Dual Attraction: Understanding Bisexuality

by Colin J. Williams (Author), Douglas W. Pryor (Author), Martin S. Weinberg (Author)

Synopsis

For the past two generations, extensive research has been conducted on the determinants of homosexuality. But, until now, scant attention has been paid to what is perhaps the most mysterious-and potentially illuminating-variation of human sexual expression, bisexuality. Today, as ignorance and fear of AIDS makes greater awareness of all forms of sexual behavior an urgent matter of private and public consequence, leading sex researchers Martin Weinberg, Colin Williams, and Douglas Pryor provide us with the first major study of bisexuality. Weinberg, Williams, and Pryor explore the riddle of dual attraction in their study of 800 residents of San Francisco. Fieldwork, intensive interviews, and surveys provided a wealth of data about the nature of bisexual attraction, the steps that lead people to become bisexual, and how sexual preference can change over time. They found that heterosexuals, more often than homosexuals, become bisexual; that bisexual men and women differ markedly in their sexual behavior and romantic feelings; that most bisexuals ultimately settle into long-term relationships while continuing sexual activity outside those relationships; and they also explain why transsexuals often become bisexual. Moreover, the authors discovered that as the AIDS crisis unfolded, many bisexual men entered into monogamous relationships with women, and bisexual women into more lesbian relationships. Recent media accounts attest that a growing number of researchers and writers are narrowing the fundamental cause of sexual preference to a single factor, biology. But if, as this study shows, learning plays a significant part in helping people traverse the boundaries of gender, if past and present intimate relationships influence their changing preferences, and if bisexual activity is inseparable from a social environment which provides distinctive sexual opportunities, then a mosaic of factors far more complex than those previously considered must be entertained in explaining the fuller spectrum of sexual preferences.
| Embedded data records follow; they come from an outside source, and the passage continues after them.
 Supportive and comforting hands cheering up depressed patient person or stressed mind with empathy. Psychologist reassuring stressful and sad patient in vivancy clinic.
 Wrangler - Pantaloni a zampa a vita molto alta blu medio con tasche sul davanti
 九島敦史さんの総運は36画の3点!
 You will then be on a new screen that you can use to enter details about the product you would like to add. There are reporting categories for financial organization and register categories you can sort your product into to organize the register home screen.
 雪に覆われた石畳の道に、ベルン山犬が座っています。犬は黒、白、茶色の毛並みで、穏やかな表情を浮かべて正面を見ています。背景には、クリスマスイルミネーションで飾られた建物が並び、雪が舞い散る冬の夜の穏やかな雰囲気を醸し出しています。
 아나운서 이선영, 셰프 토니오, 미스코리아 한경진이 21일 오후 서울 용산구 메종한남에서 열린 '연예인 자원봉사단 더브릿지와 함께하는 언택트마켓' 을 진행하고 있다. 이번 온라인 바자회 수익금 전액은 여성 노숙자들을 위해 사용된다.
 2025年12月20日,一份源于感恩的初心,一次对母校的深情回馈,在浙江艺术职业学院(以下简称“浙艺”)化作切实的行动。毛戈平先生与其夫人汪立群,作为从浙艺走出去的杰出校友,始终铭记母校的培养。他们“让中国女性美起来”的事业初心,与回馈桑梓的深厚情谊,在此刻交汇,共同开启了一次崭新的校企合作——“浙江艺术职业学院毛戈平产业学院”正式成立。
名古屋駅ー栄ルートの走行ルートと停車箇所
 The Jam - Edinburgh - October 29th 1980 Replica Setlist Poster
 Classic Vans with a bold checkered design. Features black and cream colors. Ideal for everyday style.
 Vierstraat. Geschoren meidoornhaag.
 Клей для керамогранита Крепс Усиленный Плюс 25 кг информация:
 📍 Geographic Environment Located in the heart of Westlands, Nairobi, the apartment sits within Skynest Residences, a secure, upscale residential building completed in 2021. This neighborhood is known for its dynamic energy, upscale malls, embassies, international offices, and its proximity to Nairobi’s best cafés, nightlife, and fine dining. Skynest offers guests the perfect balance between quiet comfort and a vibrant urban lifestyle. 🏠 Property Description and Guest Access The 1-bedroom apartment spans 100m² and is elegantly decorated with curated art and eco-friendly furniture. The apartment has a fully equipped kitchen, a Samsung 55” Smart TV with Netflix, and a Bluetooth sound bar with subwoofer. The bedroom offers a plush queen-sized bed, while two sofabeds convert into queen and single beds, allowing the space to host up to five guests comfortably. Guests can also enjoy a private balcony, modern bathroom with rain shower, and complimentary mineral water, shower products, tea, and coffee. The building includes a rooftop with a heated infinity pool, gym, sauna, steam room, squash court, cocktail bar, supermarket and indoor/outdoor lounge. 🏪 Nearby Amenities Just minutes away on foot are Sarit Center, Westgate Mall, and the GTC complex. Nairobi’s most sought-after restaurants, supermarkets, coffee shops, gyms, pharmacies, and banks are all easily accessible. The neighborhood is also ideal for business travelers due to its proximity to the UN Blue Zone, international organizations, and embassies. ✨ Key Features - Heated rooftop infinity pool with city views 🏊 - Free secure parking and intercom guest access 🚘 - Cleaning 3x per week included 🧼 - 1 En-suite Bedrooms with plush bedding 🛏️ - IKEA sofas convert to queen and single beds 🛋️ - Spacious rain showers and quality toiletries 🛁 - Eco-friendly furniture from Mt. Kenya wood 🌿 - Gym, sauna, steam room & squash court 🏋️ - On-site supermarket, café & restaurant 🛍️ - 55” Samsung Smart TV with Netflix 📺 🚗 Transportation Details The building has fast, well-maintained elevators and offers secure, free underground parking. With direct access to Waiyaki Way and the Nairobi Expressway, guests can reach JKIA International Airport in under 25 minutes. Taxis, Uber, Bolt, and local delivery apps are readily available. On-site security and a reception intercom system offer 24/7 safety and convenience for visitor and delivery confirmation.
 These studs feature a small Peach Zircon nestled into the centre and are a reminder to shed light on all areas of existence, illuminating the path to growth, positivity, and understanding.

Dual Attraction is one of the most significant contributions to our understanding of sexuality since the original Kinsey reports and Bell and Weinberg's 1978 international bestseller, Homosexualities. It is must reading for all those interested in the study of sexual behavior-especially now, since the onset of AIDS.

$64.27

Quantity

20+ in stock

More Information

Format: Paperback
Pages: 448
Edition: Reprint
Publisher: Oxford University Press
Published: 01 Jun 1995

ISBN 10: 0195098412
ISBN 13: 9780195098419

Media Reviews
The writing is sensible and unspecialised. Dual Attraction contributes substantially to the current tendency to assert the credibility of bisexuality. * Gay Times *
Surveying authoritatively for the first time a significant variation of human erotic life * bisexuality *
In San Francisco before and after AIDS, homo-, hetero-, and bisexual voices add their own words to a socioethnographic explanation of sexual preference. A treasure trove of primary data from an intrepid urban fieldwork study. * John Money, author of Gay, Straight & In-Between: The Sociology of Erotic Orientation *
Examines the interaction of sexual behaviors and social identities as well as the emotional dimensions of sexual preference. Such a focus locates sex in a web of intimate relationships, which permits the uncovering of how people's sexual preferences change. * Feminist Collections *
Author Bio
Martin S. Weinberg is Professor of Sociology at Indiana University and Senior Research Sociologist at the Kinsey Institute for Sex Research from 1968-1980. He is the author or co-author of ten books, including Sexual Preference: Its Development among Men and Women, Homosexualities: A Study of Diversity Among Men and Women, Male Homosexuals: Their Problems and Adaptations; and Homosexuals and the Military: A Study of Less than Honorable Discharge. Colin J. Williams is Professor of Sociology at Indiana University-Purdue University at Indianapolis and Research Sociologist at the Kinsey Institute for Sex Research from 1968-1980. He is co-author of Sex and Morality in the U.S.; Male Homosexuals: Their Problems and Adaptations; and Homosexuals and the Military. Douglas W. Pryor is Visiting Lecturer in Sociology at Wake Forest University.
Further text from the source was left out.